I’ve been planning to do this for over a year: The
MA (Music Analysis) Toolbox for Matlab now finally includes the G1C implementation which I described in my
thesis (btw, the code probably also runs in the freely available
Scilab in case you don’t have Matlab). The code is packaged as required for the
MIREX’06 evaluation, where the implementation was overall fastest and scored highest (but not significantly better than other submissions).
The code might be useful for those who are new to the field and just want a quick start. Btw, last October I held a
presentation on music similarity which might also be helpful for starters and the best documentation and explanation of the code I can offer is my thesis.
I also hope the implementation is somehow useful for those interested in comparing their work on computational models of music similarity to work by others. I believe the best option to do so is to conduct perceptual tests similar to those I conducted for my thesis and those done for MIREX’06 (btw, I wrote some comments about the MIREX’06 evaluation
here).
A much easier approach to evaluate many different algorithms is to use a genre classification scenario (assuming that pieces from the same genre are generally more similar to each other than pieces from different genres). However, this doesn’t replace perceptual tests it just helps pre-select the algorithms (and their parameters). Btw, I think it would even be interesting for those working directly on genre classification to compare G1C (combined with a NN classifier) against their genre classification algorithms.
There are lots of things to be careful about when running evaluations based on genre classes (or other tags associated with music). Most of all I think everyone should be using an artist filter: The test set and the training set shouldn’t contain music from the same artists. Some previous work reported accuracies of up to 80% for genre classification. I wouldn’t be surprised to see some of those numbers drop to 30% if an artist filter had been applied.
I first noticed the impact of an artist filter when I was doing some work on
playlist generation. In particular, I noticed that songs from the same artist appeared very frequently in the top 20 most similar lists for each song, which makes sense (because usually pieces by the same artists are somehow similar). However, some algorithms which were better than others in identifying songs from the same artists did not necessarily perform better in finding similar songs from other artists. I reported the differences in the evaluation at
ISMIR’05, discussed them again in my
MIREX'05 submission, and later in my thesis. An artist filter was also used for the MIREX’06 evaluation. Btw, I’m thankful to
Jean-Julien Aucouturier (who was one of the reviewers of that ISMIR’05 paper) for some very useful comments on that. His
thesis is highly relevant for anyone working on computation models of music similarity.
Another thing to consider when running evaluations based on genre classes is to use different music collections with different taxonomies to measure overfitting. For example, one collection could be the
Magnatune ISMIR 2004 training set and one could be the researcher’s private collection. It can easily happen that a similarity algorithm is overfitted to a specific music collection (I demonstrated this in my thesis using a very small collection). Although I was careful to avoid overfitting, G1C is slightly overfitted to the Magnatune collection.

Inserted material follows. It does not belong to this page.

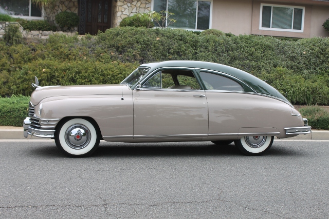 1949 Packard Deluxe 8 Fastback beautifully refinished in original colors Egyptian Sand and Sylvan Green, Straight 8 with factory overdrive, Stock & authentic, runs as it should, with 70 MPH capability. Excellent condition, Excellent chrome, beautifully restored interior, ready to enjoy now!

Thus, even if G1C outperforms an algorithm on Magnatune, the other algorithm might still be much better in general.
There’s some room for improvements of this G1C implementation in terms of numerical issues, and some parts can be coded a lot more efficiently. However, I’d recommend trying something very different. Btw, I recently noticed how much easier it is to find something that works much better when having lots of great data. I highly recommend using Last.fm’s tag data for evaluations, there’s even an
API.